Comment by elsjaako

17 days ago

You've repeated the part that the parent poster claimed to understand ("I've heard that it's because farming as a business is full of unpredictability"), but skipped over the part they didn't understand ("wouldn't there be a significant market for private insurance?") with the statement that insurance is a parasite.

Can you explain more why insurance is a parasite? Maybe a state-run insurance would be better?

Subsidies (AFAIK, please correct me if I'm wrong) typically either get paid when farming supplies (tractors, seeds, fertilizer, land etc.) are bought or when the final product is sold. So they are paid when things go well for the farmer, but not (or less so) when the farmer has a bad year.

I feel like the risk of bad years would be better managed by paying farmers when bad years happen. You know, like insurance.

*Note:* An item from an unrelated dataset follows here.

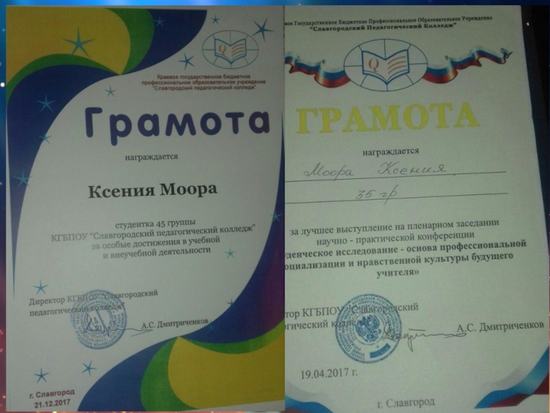 Грамоты за особые достижения в учебной и вне учебной деятельности в 2016-2017 гг.

Fair! My comment was probably more dramatic than it needed to be, but I was trying to paint a picture as it kinda irks me when a lot people act like farmers are 'welfare queens' just taking money and living the good life. Not that OP did that, but it makes subsidies a 'dirty word.'

Subsidies is a hugely loaded term that would take more than a few comments to even begin to cover, but yes, they do cover those things that you mentioned, but a lot more than that. Heck they even sometimes pay farmers not to grow things at all - we used to get a check not to grow tobacco. I was a child then, I don't remember all the details.

Importantly, subsidies already include a federal crop insurance program that the government pays most of. That would cover most reasons for loss of crops. But there's also payments when say, you had a great year, but prices crashed through no fault of your own. And separate payments for say, farm animals catching disease and dying, or natural disasters. And separate payments for things like the messy situation COVID created. And a lot, lot more.

My comment was mainly with the lens of 'get rid of subsidies and buy your own insurance', and well, we see how well that works with health insurance. "Oh sorry Mr Smith, those cicadas were underground when you bought the farm, pre-existing condition, denied."

  • I see your point a bit better. I definitely agree that insurance can be terrible. I will say that with US health insurance you've pretty much picked the worst possible insurance to compare it to.

    Farmers typically have more knowledge and more budget for good advisors than consumer health insurance buyers. There are all kinds of business insurance, and I think these are not usually considered as horrible as health insurance. Also, with good insurance you've got a partner who is very invested in understanding the risks you're taking and letting you know (in the form of how much you have to pay).

    Some subsidies are probably a good idea, especially where you want to encourage behaviors that would not naturally be encouraged by the market (e.g. getting farmers to not grow crops that you don't want them to grow, or do things that are good for the environment but not legally required).

    Sometimes it's probably neutral, where the food is cheaper in the supermarket but taxes are higher and in the end it's just the consumer paying anyway. My guess is that this usually isn't the most efficient way to get money from consumers to farmers.

    And sometimes subsidies are actively harmful, like when they encourage growing crops beyond what the market requires.